> **SOURCE DATA**
⟨

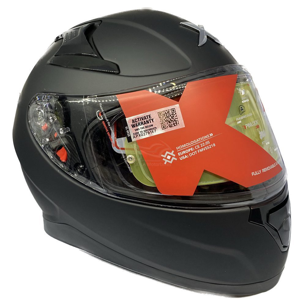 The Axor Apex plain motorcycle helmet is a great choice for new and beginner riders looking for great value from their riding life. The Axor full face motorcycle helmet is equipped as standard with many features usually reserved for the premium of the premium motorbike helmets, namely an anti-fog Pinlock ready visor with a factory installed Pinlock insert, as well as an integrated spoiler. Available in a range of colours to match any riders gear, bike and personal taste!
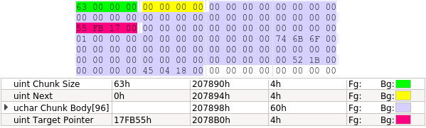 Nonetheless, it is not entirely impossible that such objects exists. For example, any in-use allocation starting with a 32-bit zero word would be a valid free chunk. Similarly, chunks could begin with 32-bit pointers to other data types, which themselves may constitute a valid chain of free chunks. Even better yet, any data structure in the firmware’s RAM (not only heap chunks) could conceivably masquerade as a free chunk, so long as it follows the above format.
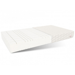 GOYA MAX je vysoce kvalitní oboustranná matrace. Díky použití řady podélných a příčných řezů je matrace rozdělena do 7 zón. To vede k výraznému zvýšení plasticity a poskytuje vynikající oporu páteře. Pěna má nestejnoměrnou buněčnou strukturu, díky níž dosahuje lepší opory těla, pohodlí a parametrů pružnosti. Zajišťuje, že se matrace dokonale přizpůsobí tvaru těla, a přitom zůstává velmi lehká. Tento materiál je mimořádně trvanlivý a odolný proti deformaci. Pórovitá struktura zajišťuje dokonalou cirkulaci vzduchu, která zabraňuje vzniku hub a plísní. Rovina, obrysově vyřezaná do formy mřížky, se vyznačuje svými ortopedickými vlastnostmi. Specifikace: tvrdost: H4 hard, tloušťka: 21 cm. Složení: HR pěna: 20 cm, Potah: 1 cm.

⟩

> **TASK GOAL**
From the first line to the last, return the material above exactly, apart from the pictures.

> **RESULT OF THIS TASK**
 The Axor Apex plain motorcycle helmet is a great choice for new and beginner riders looking for great value from their riding life. The Axor full face motorcycle helmet is equipped as standard with many features usually reserved for the premium of the premium motorbike helmets, namely an anti-fog Pinlock ready visor with a factory installed Pinlock insert, as well as an integrated spoiler. Available in a range of colours to match any riders gear, bike and personal taste!
 Nonetheless, it is not entirely impossible that such objects exists. For example, any in-use allocation starting with a 32-bit zero word would be a valid free chunk. Similarly, chunks could begin with 32-bit pointers to other data types, which themselves may constitute a valid chain of free chunks. Even better yet, any data structure in the firmware’s RAM (not only heap chunks) could conceivably masquerade as a free chunk, so long as it follows the above format.
 GOYA MAX je vysoce kvalitní oboustranná matrace. Díky použití řady podélných a příčných řezů je matrace rozdělena do 7 zón. To vede k výraznému zvýšení plasticity a poskytuje vynikající oporu páteře. Pěna má nestejnoměrnou buněčnou strukturu, díky níž dosahuje lepší opory těla, pohodlí a parametrů pružnosti. Zajišťuje, že se matrace dokonale přizpůsobí tvaru těla, a přitom zůstává velmi lehká. Tento materiál je mimořádně trvanlivý a odolný proti deformaci. Pórovitá struktura zajišťuje dokonalou cirkulaci vzduchu, která zabraňuje vzniku hub a plísní. Rovina, obrysově vyřezaná do formy mřížky, se vyznačuje svými ortopedickými vlastnostmi. Specifikace: tvrdost: H4 hard, tloušťka: 21 cm. Složení: HR pěna: 20 cm, Potah: 1 cm.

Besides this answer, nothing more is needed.